Глеб попрощался с Безродным, который долго пытался отговорить его от столь безрассудного шага и даже навязал ему мальчишку-ходю110 в качестве толмача.
– Ходю-то не порешат там, а Вас – сразу же. Отпетые в той пади собрались. Не старатели они – хунхузы одни!
Мальчик лет двенадцати с косицей в замызганном синем халате сложил на груди руки и поклонился новому господину. Он был поглощён нанизыванием медных монет-кешей с дырочкой на верёвку. Глеб уже знал, что монетка такая не стоит ничего, а груз велик. Связки с ними корейцы носят на поясах.

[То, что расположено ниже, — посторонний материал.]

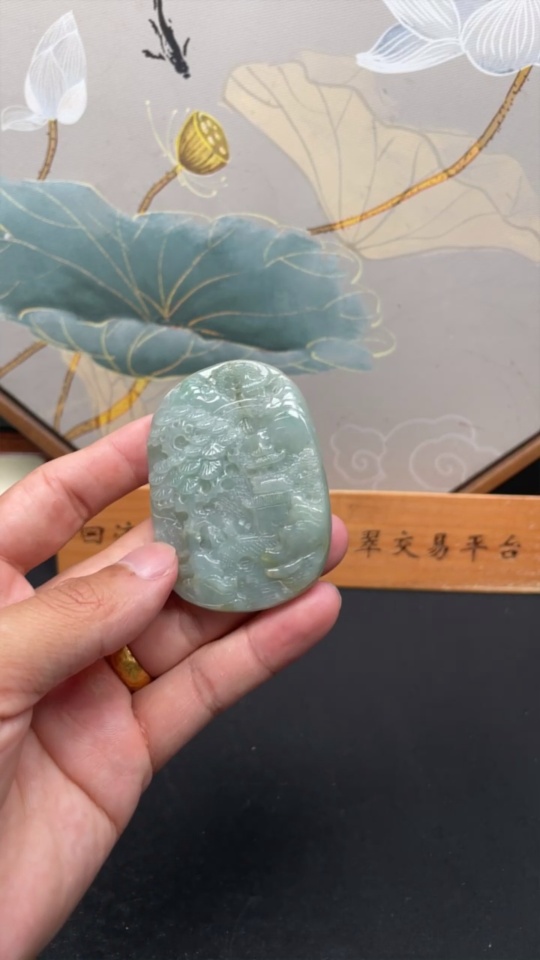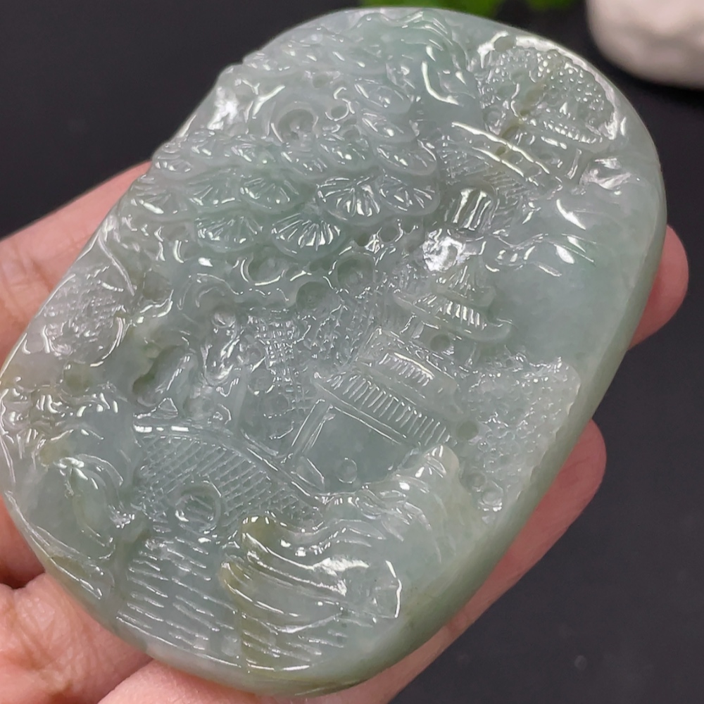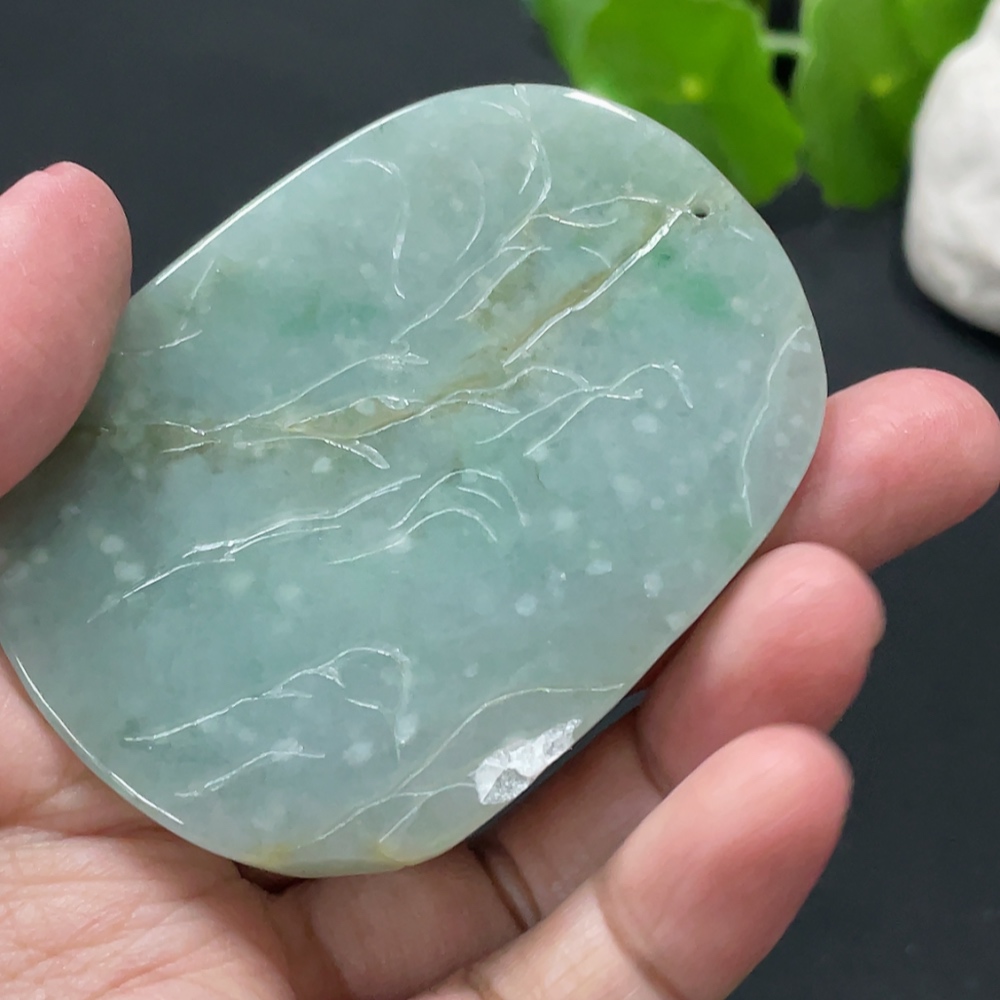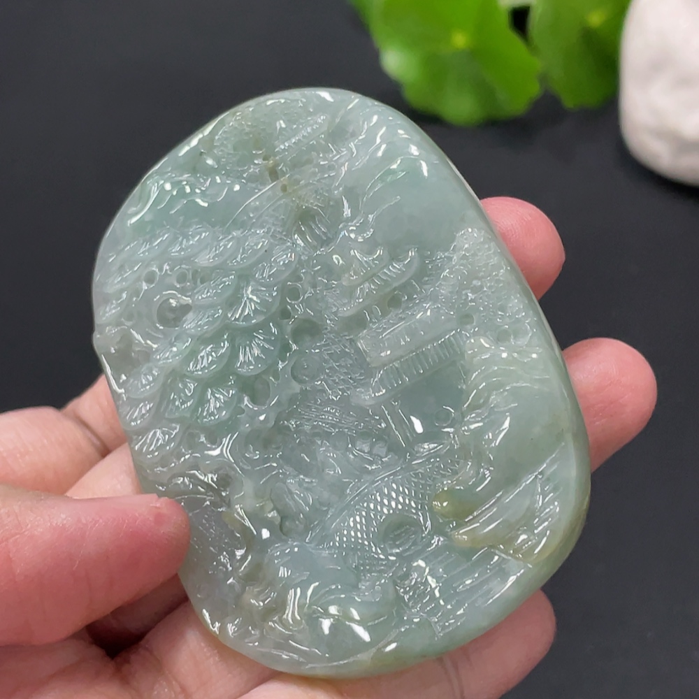 Jadeitelandscape pendant (Total weight approx. 53.7g, with defects)

– Как тебя зовут, мальчик, – спросил Охотин.
– Чжан, капитана, – скороговоркой выпалил мальчик.
– Иван, стало быть, и всё, – вставил Фирс.
– А меня – Глеб Гордеевич, – улыбнулся Охотин и протянул мальчику руку.
– Халасо, Калеп Котеес, халасо, – просиял Чжан.
– Выдал я парнишке монет туземных, пригодится в Пади той, – добавил управляющий, – а ходит мальчишка, что матёрый таёжник – по шестьдесят маньчжурских ли111 в день может, верно, Ваня? Он даже и в травах уже толк знает. Ведомо ли Вам, Глеб Гордеевич некое луковичное рябчик камчатский? От Охотского моря до Аляки и до Кореи лучок этот от цынги зимой спасает, да и летом подкрепляет. Ванька мне его задаром в запас собирает. Говорит, что надобно его в ночи откапывать, под уханье сов. И чтоб на небе звёзды были. Можете с собой лучку прихватить. Так-то.
Казаки взяли с собой ещё знакомого корейца-таёжника, который не раз бывал в тех краях и вместе быстро находили тропу. Запах хвои, нагретой солнцем и горные дали под иссера-синим небом, переходящим в палевый закат, туманили воображение своими красотами.
– Кореец, как и манза, ещё почитает власть от Бога. Хоть и беден каули, да честен. Ни было разу ещё, чтоб меня один обманул, – рассказывал Кунаковсков Глебу по дороге, – Ходя – иное дело. Вы поосторожнее, с мальчуганом. Нынче он всё улыбается, а в Падь придёт и нож Вам в спину. А бабы у корейцев статные, да полуголые так и ходють. Грудь у них наощупь крепкая и ничем не прикрывают её. Но так каждому пощупать не дадуть. В Пади, наверное, увидите сами. Правда, пора холодная. Там они с жёнами, старатели енти. Что мне не нравится в каули – кутят оне хавають. Зарежут живодёры щеночка, да сожрут! Курей да яичек словно им не хватает. Рыбы в реках полно, нет потреба у них в собачатине. В Соболинке у них там, наоборот, проса не хватает. На отшибе она. Мясо да рыбу хавають, да голубицей заедают. Благо полна тайга ягодой. Рыба в воде, а ягода в траве. Да ещё и боятся всех, со времён как Фока-генерал побил их. Атамана уже нет у них сильного.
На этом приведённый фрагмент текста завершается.